Following the gate dielectric layer, 20 nm ZnO as active semiconductor layer was deposited using a dimethyl zinc (DMZ) precursor and H2O by atomic layer deposition (ALD) at a substrate temperature of 110 °C. The sample was then annealed in vacuum at 300 °C for 2 h with a temperature ramp rate of 1 °C/min.

The source and drain layers were formed by depositing 80 nm Ti and 30 nm Au at 0.25 Å s−1 by e-beam evaporation (Creavac) on a negatively patterned layer. After lift-off in acetone and isopropyl alcohol, the active transistor with a width to length ration of W/L = 100/5 µm and the load transistor with W/L = 10/5 µm were completed. After source and drain formation, samples were annealing at 300 °C for 2 h to decrease contact resistance.

Finally, the device was passivated by spin coating a ~1 µm thick polyimide layer at 2500 RPM for 60 s which was soft baked at 50 °C for 10 min. After soft bake, a 200 nm SiO2 layer was deposited at 0.5 Å s−1 by e-beam evaporation (Edwards auto 500 FL). The respective transfer characteristic are shown in Supplementary Fig. 34, and the devices after several consecutive fabrication steps are shown in Supplementary Figs. 35 and 36.

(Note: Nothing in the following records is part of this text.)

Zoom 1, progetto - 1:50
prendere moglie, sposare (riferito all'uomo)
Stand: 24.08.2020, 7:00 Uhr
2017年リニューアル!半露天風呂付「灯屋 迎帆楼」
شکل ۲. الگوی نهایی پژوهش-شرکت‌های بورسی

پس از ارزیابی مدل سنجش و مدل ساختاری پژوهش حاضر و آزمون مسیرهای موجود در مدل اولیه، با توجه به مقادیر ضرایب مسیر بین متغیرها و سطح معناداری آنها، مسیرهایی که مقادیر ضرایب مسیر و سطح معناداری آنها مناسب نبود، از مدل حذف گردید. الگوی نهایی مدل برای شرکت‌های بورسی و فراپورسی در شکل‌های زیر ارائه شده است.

For the sensing element and energy storage system, the nBSCs were fabricated using the above fabrication protocol in the respective locations on the chip as shown in the Supplementary Figs. 37 and 38.

Use of electrolytic fluids

Human blood

Used for blood clotting and inflammation assays.

Bovine blood

Used in all CV, GCD, self-discharge, three-electrode and PH sensor measurements (including all temperature and flow tests). Was also used in sensor experiments.

Blood plasma

Extracted from bovine blood and used in CV, GCD and self-discharge measurements.

Cell culture media

Used for incubating MDCK-C7 cells for viability and proliferation test.

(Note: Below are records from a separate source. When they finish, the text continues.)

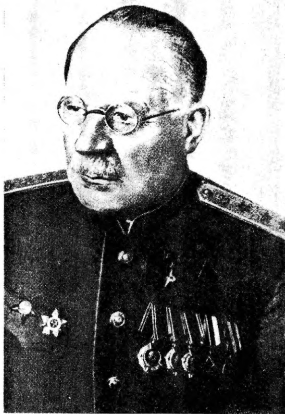
Н. Н. Бурденко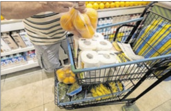
Percepção da inflação é termômetro do mercado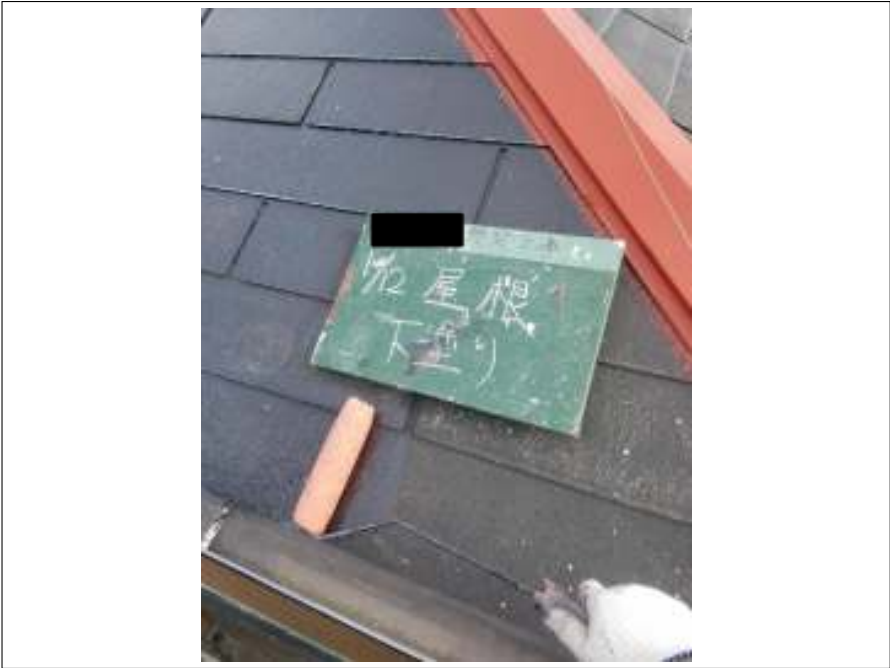
屋根 下塗り施工中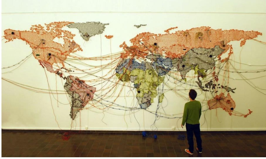
Görsel 3. Reena Saini Kallat, İsimsiz (Harita, Çizim), 2011, Elektrik telleri ve bağlantı parçaları, 10 dk. Sesli döngü

Göç kavramını sanat üretimine dâhil edip dünya haritasını kullanarak gösteren Hintli çağdaş sanatçı Reena Saini Kallat, bu çalışmasını, birbirine bu denli bağlı olunan bir dünyada göç yasaları, kapanan sınırlar, müdahaleler, önyargılar, yaptırımlar ve sınırları geçmek isteyen insanların maruz kaldığı zorlukları harita metaforunu kullanarak gerçekleştirmiştir. Sanatçı dünyanın her bölgesinde gerçekleşen küresel sorun haline gelen göç hareketini, elektrik kabloları ile göstermiştir. Elektrik akışı ile ifade edilen bu döngüde bir yerden ayrılmanın yanı sıra göçün sebep olduğu farklı kültürlerle etkileşim de söz konusudur.

Medical saline (0.9% NaCl from B. Braun Melsungen AG)

Used in all CV, GCD, self-discharge and three-electrode measurements (including all temperature and flow test).

Artificial plasma electrolyte for pH sensor

Artificial plasma reproducing the chemical composition of human blood plasma53 (Supplementary Table 1) was used in the sensor experiments. pH levels of the artificial plasma electrolyte were adjusted by adding 1 M hydrochloric acid (for acidic pH) and sodium hydroxide (for basic pH).

Blood plasma electrolyte for pH sensor

The pH of blood plasma was altered by adding and adjusting the concentration of citric acid to achieve a blood plasma pH from 1 to 7.